The resulting code with a more detailed math spec is all here. It works, and while this approach doesn’t scale well to more than like 7 players and 7 actions, we can always buy a new datacenter and drink another river. What’s the point of all this? It’s not that I’ve revolutionised game theory computation, it’s that I (understander of sweet fuckall) was able to direct the automatic implementation of working DL solutions just by drawing pictures and grovelling at an LLM, and that means so can you.

Conclusion

String diagrams aren’t just elegant brainrot, they’re a practical tool for cheesing deep learning.
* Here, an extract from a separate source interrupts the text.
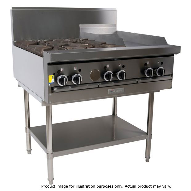 The Garland GF36-4G12T-NG Heavy Duty 4 Burner Restaurant Series Cooktop Optional stainless steel stand with storage shelf to suit full suite Largest useable cooking surface for maximum productivity Two piece Starfire Pro® burners Cast iron "H" burners for best in class temperature consistency ‘Plate rail’ and backguard giving a sleek clean finish The hardest, strongest most durable cooktop
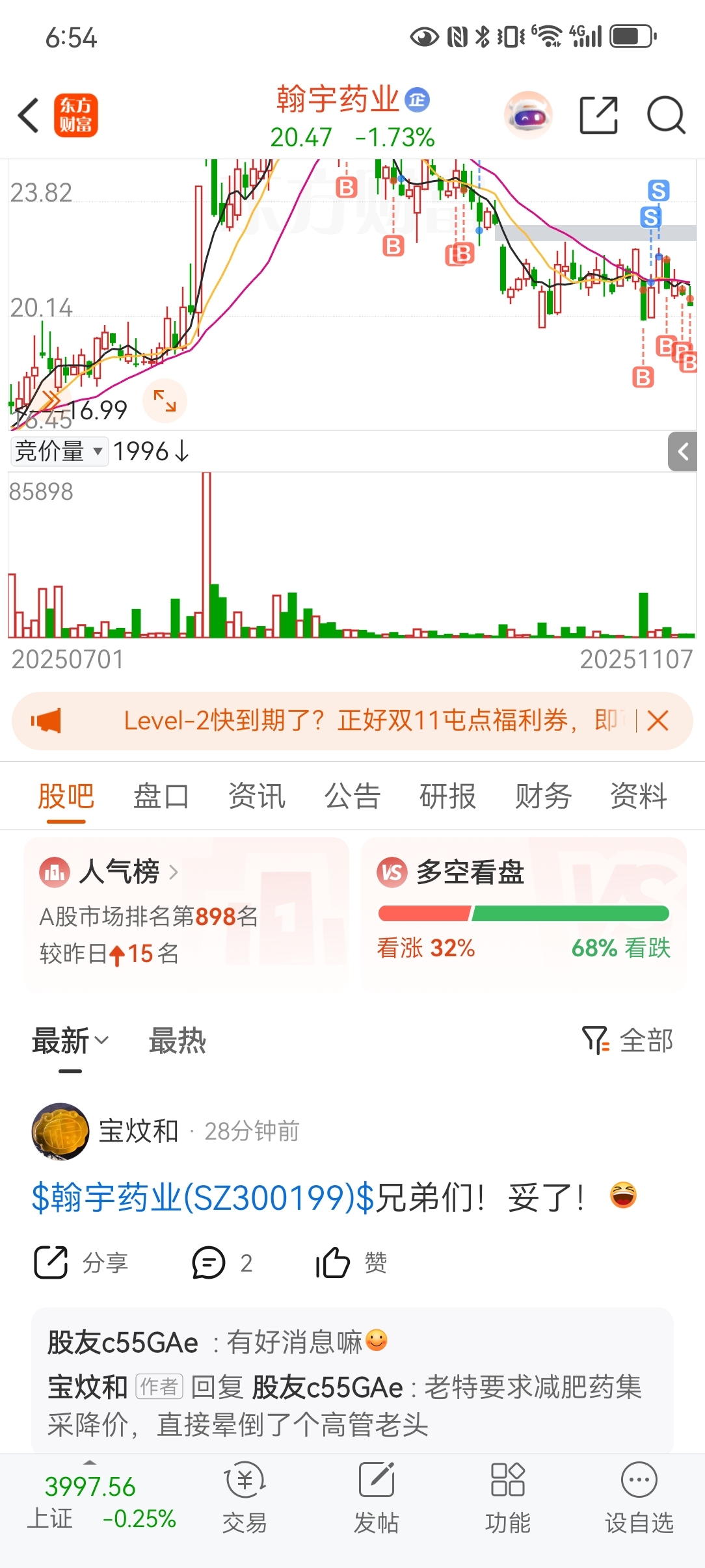 $翰宇药业(SZ300199)$ 叨股天天下跌,搞的我天加仓,什么时候是个头,没玩没了了

By expressing objectives as equational constraints between diagrams, we gain:

A unified language for expressing diverse DL paradigms
A way to build up complex objectives declaratively
The ability to bullshit our way through domains we barely understand

The future of DL might not be about designing complex architectures, but about specifying ever more precise behaviours. You deserve a break, thinkbro: join the dark side and let the universal approximation theorem do the heavy lifting. Next time you’re designing a learning system, consider sketching its intended behaviour as a string diagram first. Or when you’re approaching a domain you know nothing about, try drawing it out diagrammatically and see if DL-powered representation theory can save you from having to learn things.